Please keep in mind that my knowledge is VERY slim.  But I have seen all kinds in the places I've been.  Does and wethers shaved like you described, shaved weird ways, light trim all over and not shaved at all.  I think sometimes that decision is made on the positives and negatives of the goat, i.e. playing up good atributes and playing down bad.


----------



## Roll farms (Jun 27, 2011)

I would have clipped any does I was going to show as soon as it got warm enough, and then given them plenty of time to grow back out (if needed) and then evened them out a week before fair.  I brush them out and look them over daily for any long spots or shaggy stuff I missed.  

I'm not sure how much time you have left, maybe you could use a really long guard (3/4" or 1/2") to even them out.   You want to get the belly hair shorter (so they look "smooth") and trim any long hair on the legs.  Cut out the top of the hoof (straight across).  

You want to trim the tail, but not to the extreme of a wether....It's hard to explain, I'll see if I can find some links.

http://www.associatedcontent.com/article/2111863/how_to_trim_your_boer_goat_for_the_pg2.html?cat=53

http://www.ehow.com/video_4437485_wash-clip-boer-show-goats.html

This pic is a good example, IMHO....see how they've trimmed around her belly so it's not shaggy, and gotten the long hair off the chest.  Notice how well you can see the line of the top of the hoof, too.
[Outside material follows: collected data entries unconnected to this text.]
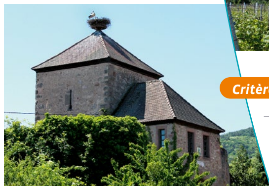
Nid de cigogne à l'entrée de Dambach-la-Ville

châteaux alsaciens comme : Guirbaden, Ottrott, Landsberg, Spesbourg, Andlau, Ortenbourg, Ramstein, Frankenbourg et Bilstein surplombent le piémont. Les vestiges de ces bâtisses représentent des lieux d'histoire et de légendes à sauvegarder et à mettre en valeur.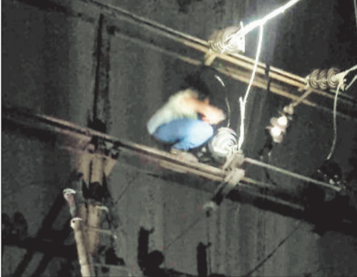
उप केन्द्र में मरम्मत करता विद्युतकर्मी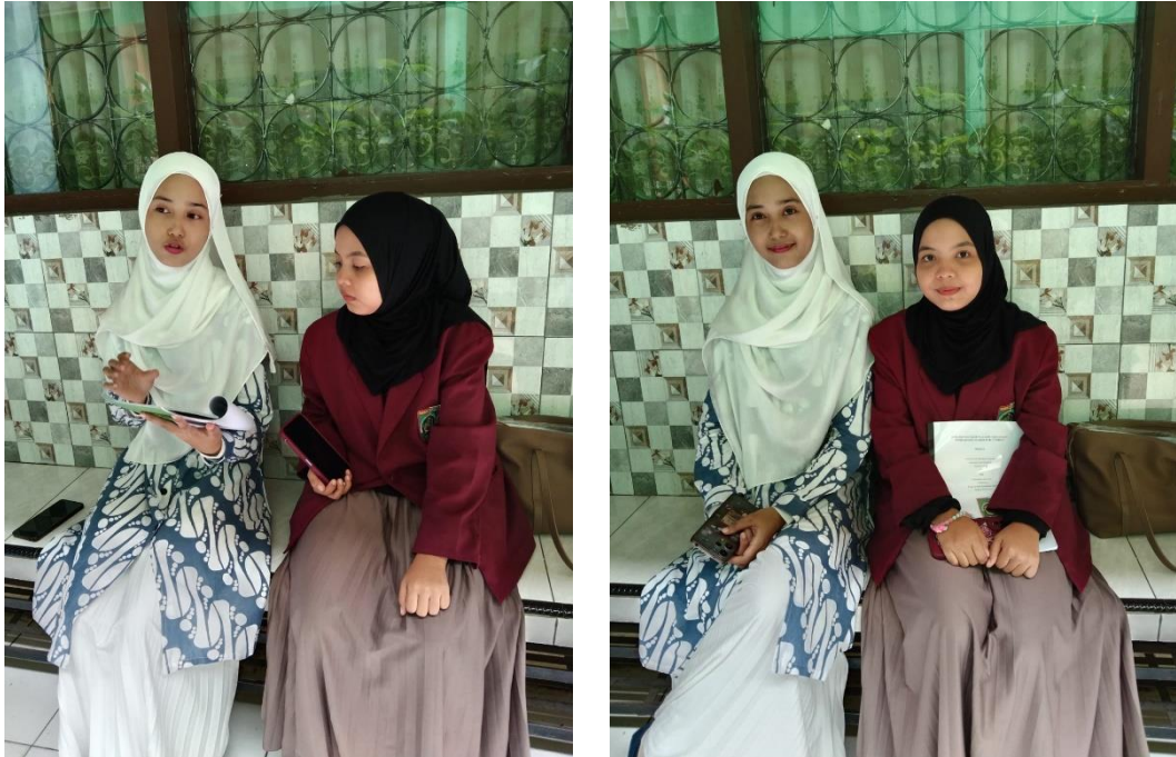
Gambar. 1 Foto dengan Ibu Guru MAN 1 Medan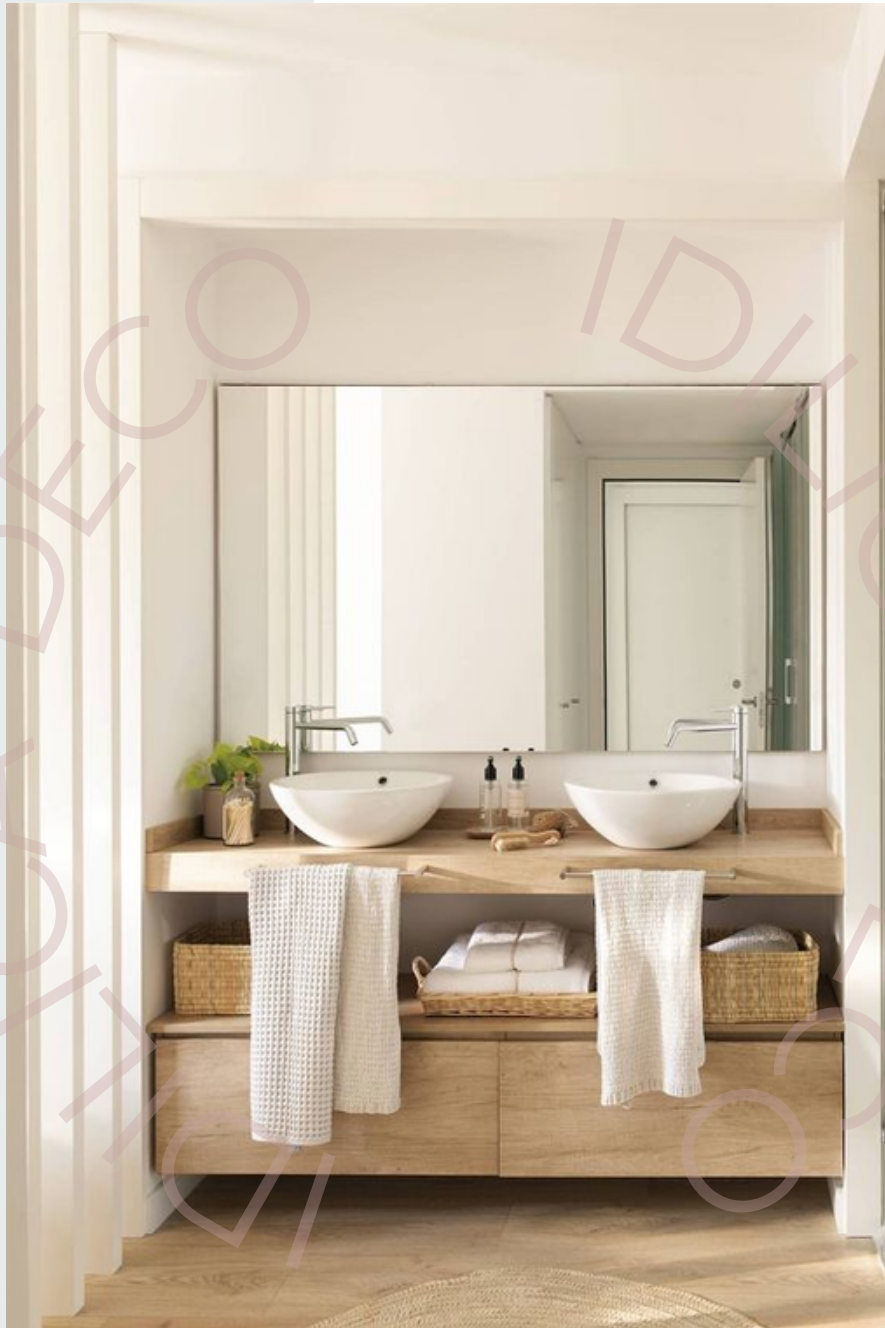
Ejemplo de espacio con texturas lisas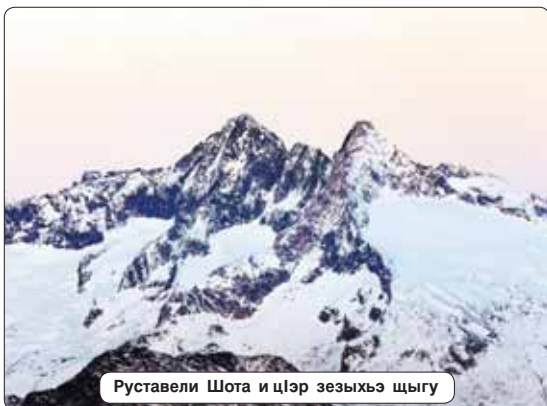
Руставели Шота и цлэр зезыхьэ шчыгь

Катын-Тау бгым метр 4979-рэ и лъагагьыц. А шчыгум япэ дыдэу цыху шчыдэкар 1889 гьэрц. Абы лъандэрэ ар зэи цыхуншэ хуаакьым. Бгым узарьдэки лъагэу зыбжанэ илэц, и гугъагькнэ зэхуэмьдэу. Катын-Тау ильэс псом узэ тельц. Къруршым и сыт хуэдэ лъэныкъуэмкнэ удэкину гугъу ещ мывэ къельэлэхэм, усукхуэ шцлэх-шцлэхурэ къехым, дунейм и шчытыкнэм палъэ кнэщкнэрэ зэрызыхуэжым. Хуабэ дыдэу шчытурэ, жьапшэ шхьэу къыкыуэуэуэ усукхуэ къышхэи къохуэ. Гъэмахуэм къруршым и цыгум шчылэр гра-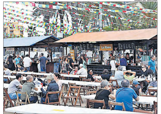
DIARI DE GIRONA

■ Diversos espais (Sant Hilari Sacalm). D Dissabte 12 i diumenge 13 H Tot el dia P Gratuït W https://www.santhilari.cat ■ Dissabte i diumenge, Sant Hilari Sacalm celebra una nova edició de Fira Guillerries. La música en directe, un gran mercat de productes d'artesanania, zona infantil, artistes, autocaravanistes, puntaires, bolets, trenet turístic i una destacada oferta gastronòmica destaquen en el programa d'enguany.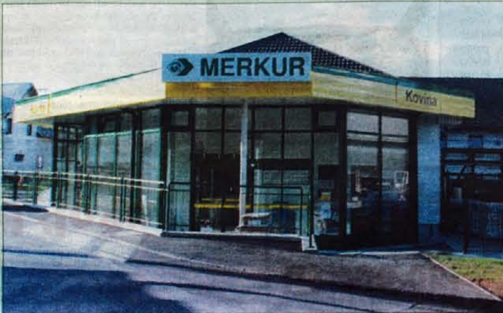
Pročelje prenovljene Kovine.

Najbrž zato, če bi se komu, ki ne sodi ravno med podjetnike in druge kupce strokovnega tipa, ki že ob vstopu v trgovino vedo, kaj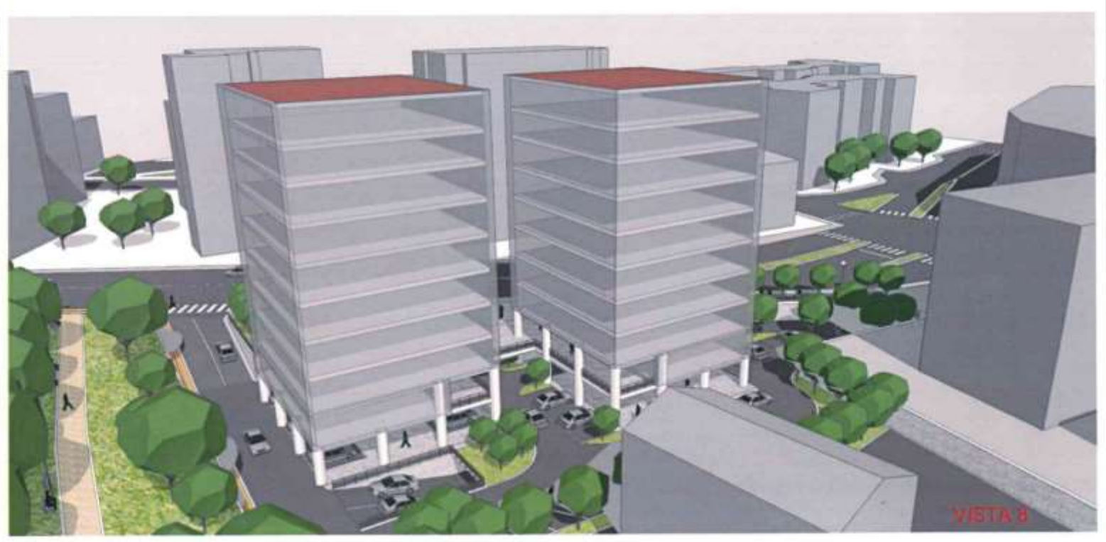
1 - SIMULAZIONE INTERVENTO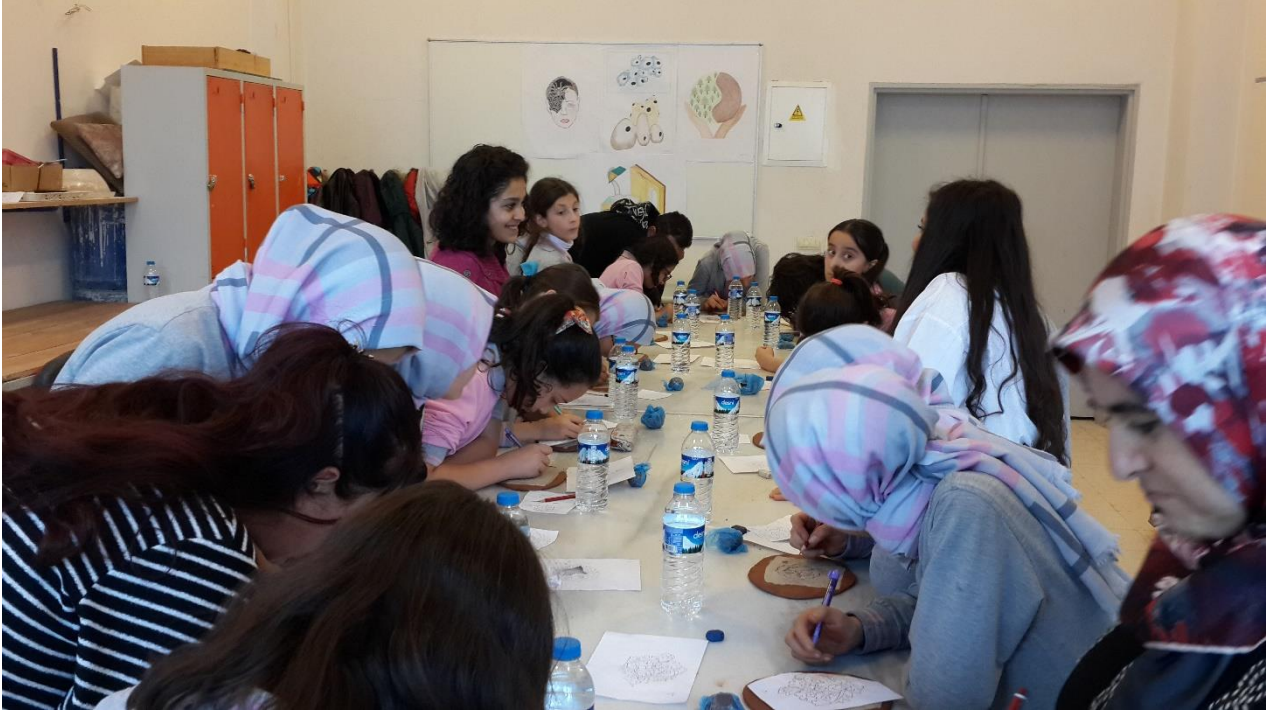
Işıkli Masada Hazırlanan Lala Paşa Camii Çini Desenlerinin Astarlı Kil Plaka Üzerine Geçirilmesi.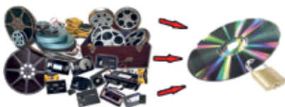
Photo Film Medien

Ihre alten Filme S-8, N-8, 16mm, VHS, HI-8, miniDV, DIAs u.s.w. transferieren wir für Sie auf DVD.

http://www.boergoats4richardsandy.com/IMG_7601_ed_ed_tr.jpg


----------



## RPC (Jun 27, 2011)

Thank you for your help. The first doe I did is a yearling doe with a kid still on her. (it's Faiths doe from last year Kim) I think I shaved her way to short. I hope her hair will grow in some before the end of next month. Since she is still lactating she looks almost like a dairy doe. I am not so happy. The other yearling doe had really nice shorter hair so I just shaved her belly, tail, and chest. Then fixed the hair on her hooves. The 3rd doe I did is a January doe and she had really long hair so I shaved her with a 1/2 inch guard and she looks ok but she still has more coat to shed. I felt like it stayed cold at night longer this year or else I would have shaved all the does bald a month ago so their hair would grow back nicely. Maybe they would have been fine a month ago but o well.


----------